• _Problem details_
Starting at the line that contains "La compagnie aura" and stopping at the line that contains "Ceinture en ventilzoo", restate each line of the records below exactly. Omit the pictures.

BEGIN Provided records

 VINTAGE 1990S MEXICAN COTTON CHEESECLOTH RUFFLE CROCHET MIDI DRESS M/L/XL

END Provided records
BEGIN Provided records

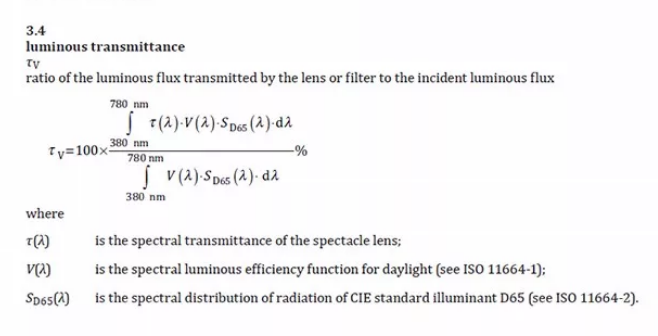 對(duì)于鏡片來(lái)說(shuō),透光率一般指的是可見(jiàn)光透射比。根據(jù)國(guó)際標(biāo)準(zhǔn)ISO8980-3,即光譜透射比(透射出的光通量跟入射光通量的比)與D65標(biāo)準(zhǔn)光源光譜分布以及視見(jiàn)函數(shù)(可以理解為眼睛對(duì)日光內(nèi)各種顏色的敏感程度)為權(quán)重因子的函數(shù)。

END Provided records
BEGIN Provided records

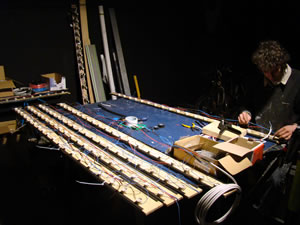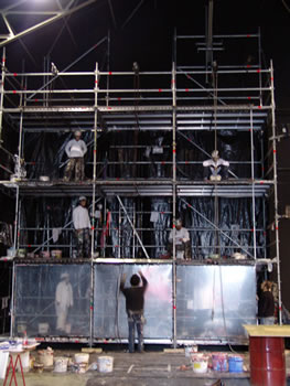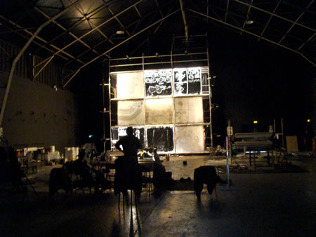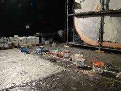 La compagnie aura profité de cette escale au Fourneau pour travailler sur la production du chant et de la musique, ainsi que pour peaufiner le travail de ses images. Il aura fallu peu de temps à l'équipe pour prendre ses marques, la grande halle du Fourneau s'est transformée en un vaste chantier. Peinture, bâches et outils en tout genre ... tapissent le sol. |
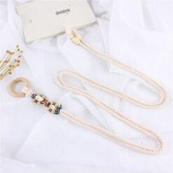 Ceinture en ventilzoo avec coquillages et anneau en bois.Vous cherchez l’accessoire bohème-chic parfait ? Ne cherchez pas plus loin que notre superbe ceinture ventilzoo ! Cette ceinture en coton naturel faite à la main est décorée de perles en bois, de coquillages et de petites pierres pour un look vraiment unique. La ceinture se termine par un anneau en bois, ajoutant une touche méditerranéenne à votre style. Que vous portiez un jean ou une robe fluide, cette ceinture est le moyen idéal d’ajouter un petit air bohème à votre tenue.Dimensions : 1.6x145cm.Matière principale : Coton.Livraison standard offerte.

END Provided records

• _Response to this exercise_
 La compagnie aura profité de cette escale au Fourneau pour travailler sur la production du chant et de la musique, ainsi que pour peaufiner le travail de ses images. Il aura fallu peu de temps à l'équipe pour prendre ses marques, la grande halle du Fourneau s'est transformée en un vaste chantier. Peinture, bâches et outils en tout genre ... tapissent le sol. |
 Ceinture en ventilzoo avec coquillages et anneau en bois.Vous cherchez l’accessoire bohème-chic parfait ? Ne cherchez pas plus loin que notre superbe ceinture ventilzoo ! Cette ceinture en coton naturel faite à la main est décorée de perles en bois, de coquillages et de petites pierres pour un look vraiment unique. La ceinture se termine par un anneau en bois, ajoutant une touche méditerranéenne à votre style. Que vous portiez un jean ou une robe fluide, cette ceinture est le moyen idéal d’ajouter un petit air bohème à votre tenue.Dimensions : 1.6x145cm.Matière principale : Coton.Livraison standard offerte.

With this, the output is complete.